Co-founded by Cuban, early Yammer employee Mike Ihbe, and former Googler, YouTuber and Node co-founder Falon Fatemi, who sold her last company to SugarCRM, Fireside has managed to attract some high-profile creators like Jay Leno, Michael Dell, Melissa Rivers, Craig Kilborn, and screenwriter and Entourage creator Doug Ellin over the past year.

In a letter to Fireside investors published by Variety, Fatemi shared that the Stremium acquisition would help Fireside to offer a “second screen experience where the audience can use their phones to engage and interact in real-time while watching on their TVs.”

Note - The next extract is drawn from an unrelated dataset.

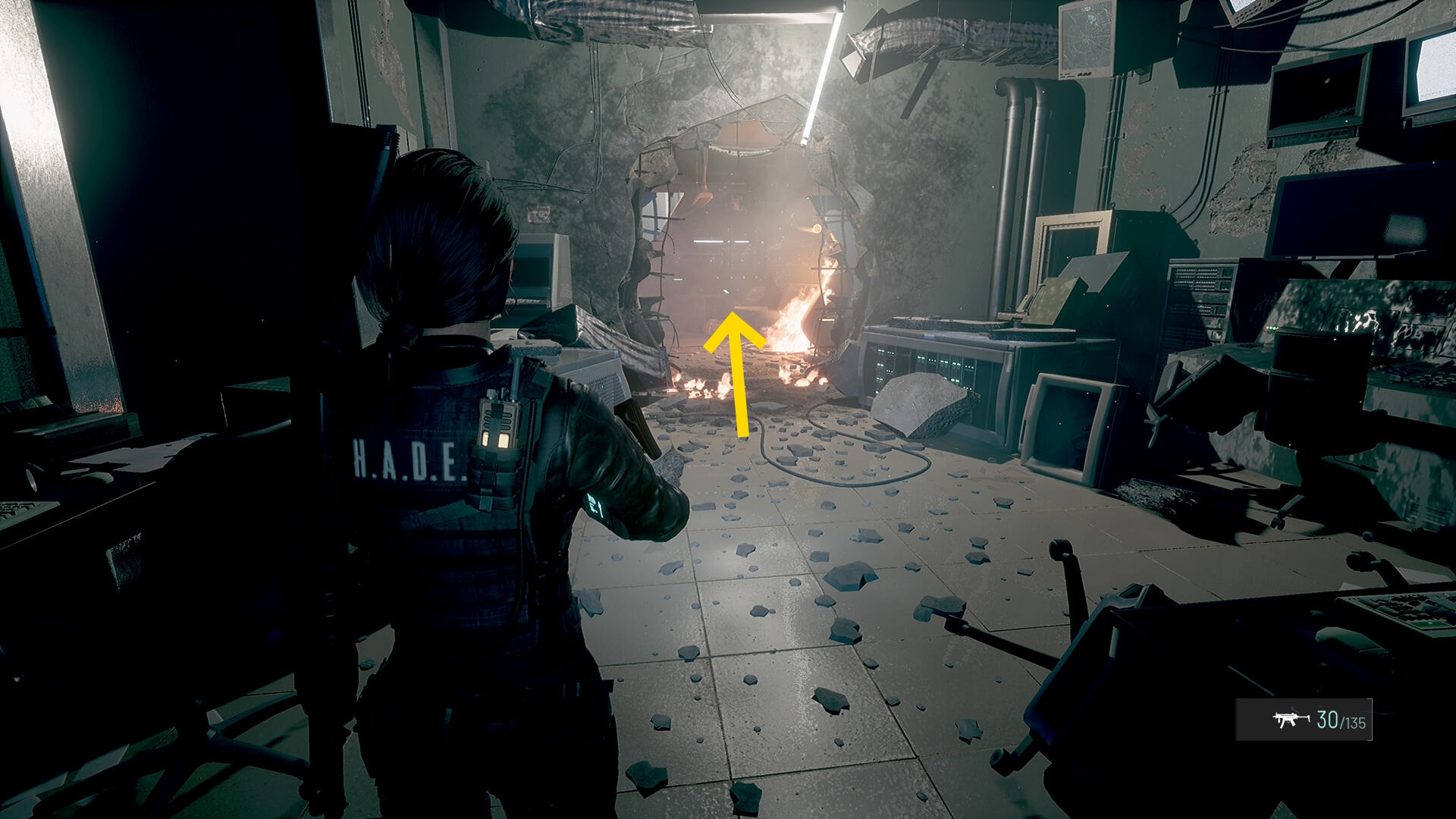- 燃えている部屋をぐるっと反時計回りに移動し、開口部へ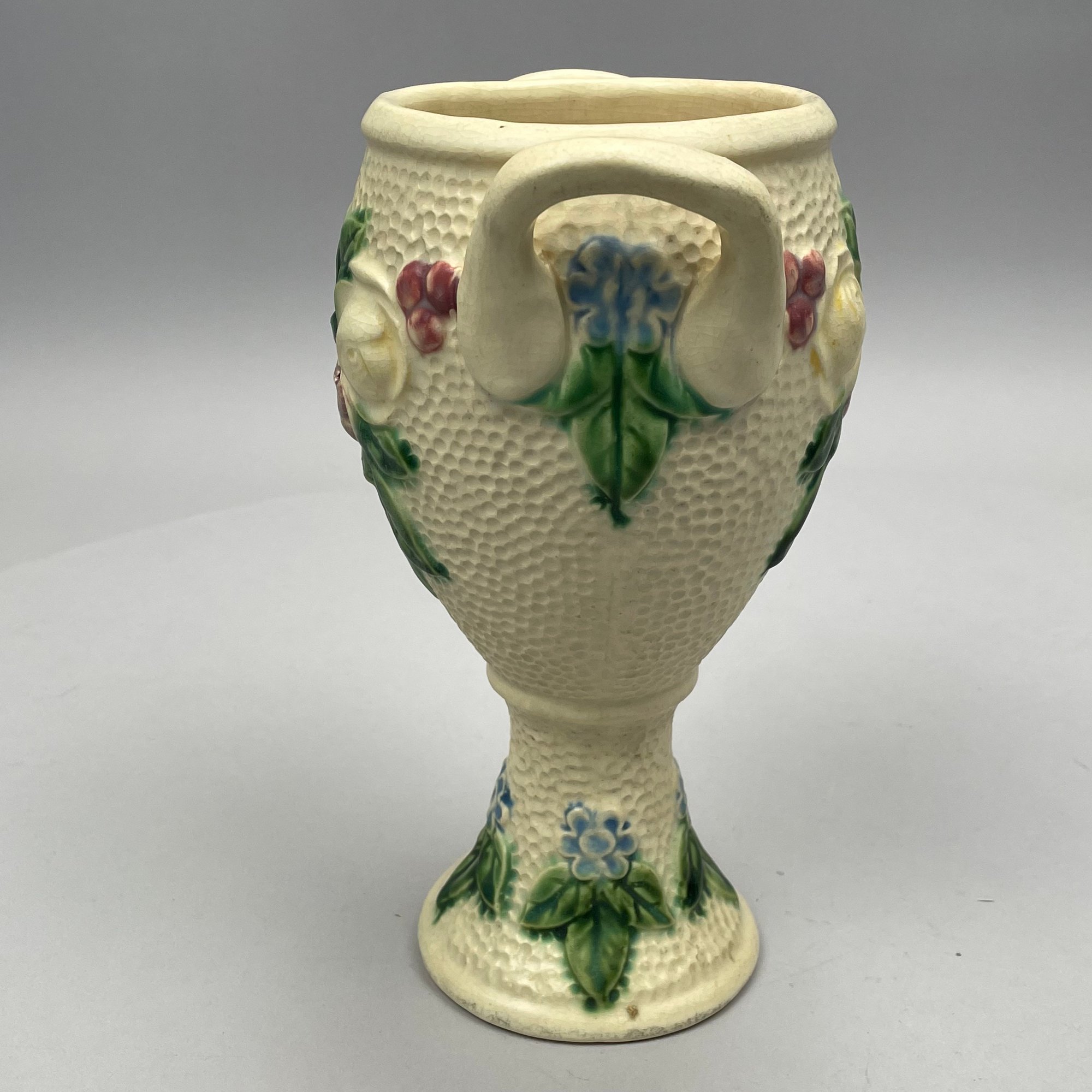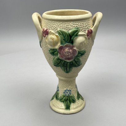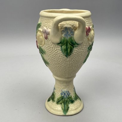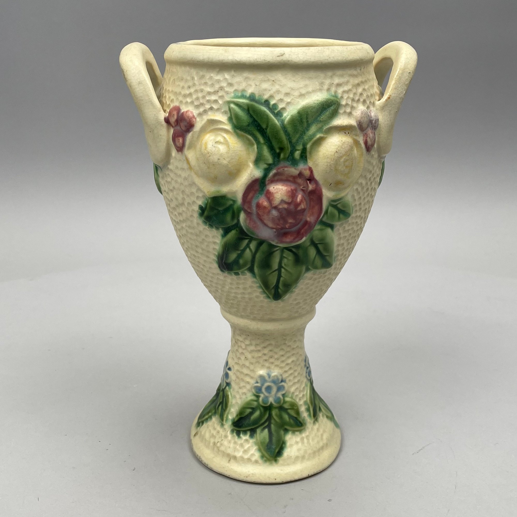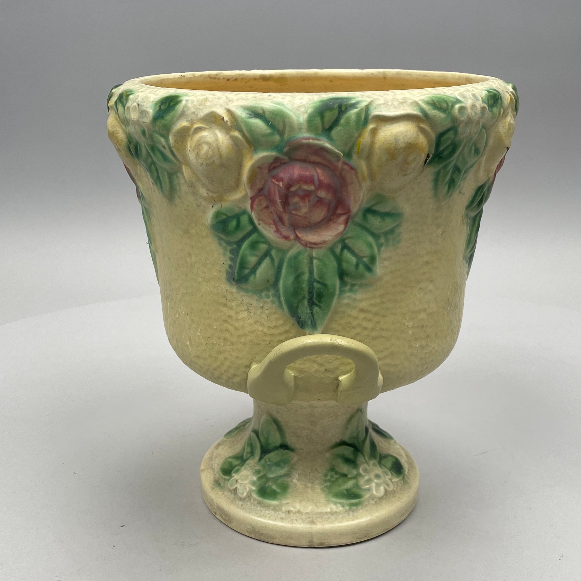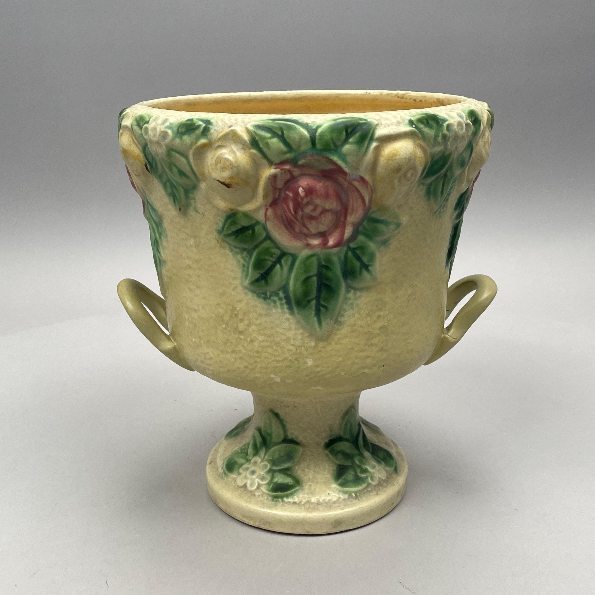 Three Roseville Pottery 'Rozane' Wares, Zanesville, Ohio, Introduced in 1917. Comprising a rare champagne bucket, a comport and a vase, the comport printed with indecipherable numerals in blue ink.

“Imagine watching a live cookalong show with your favorite chef simultaneously on your TV and your phone where you can interact and get invited to talk directly to them and even show them what you are cooking from the palm of your hand,” Fatemi explained. Plus, Stremium’s infrastructure would allow creators to upload, publish, program and distribute their live shows across both mobile and TV, she added. (Stremium confirmed to us the letter’s accuracy.)

TechCrunch this February reported Fireside was in talks to raise a $25 million Series A that valued its business at $125 million. That round has since closed, but Fireside hasn’t yet made a formal announcement about raise, investors, or its valuation. We understand this may be because Fireside is still adding some additional strategic investors to the deal, and it plans to detail the fundraise soon. Of course, the funding may have helped pave the way for Fireside to make this new acquisition.

Other investors in Fireside include the Chainsmokers, HBSE, Goodwater, Animal Capital, and NFL stars Larry Fitzgerald and Kelvin Beachum and former NBA star Baron Davis, in addition to Cuban. Ahead of its Series A, Fireside had raised around $8 million.

Stremium had been developing a service that allowed consumers to aggregate all their favorite channels using their “TV Everywhere” credentials and use a cloud DVR instead of downloading separate streaming apps. It also included a selection of free streaming channels. But the service faced an increasingly competitive landscape where there are now numerous ways to watch free streaming content, like Tubi, Pluto TV, The Roku Chanel, Freevee (formerly IMDb TV), Plex, and more. Meanwhile, cord-cutting is accelerating leaving fewer people with cable TV logins for Stremium to market its services to.

The Stremium website is now pointing visitors to Fireside and confirms the acquisition. Fireside is aiming to release its TV product sometime next year as a result of the deal.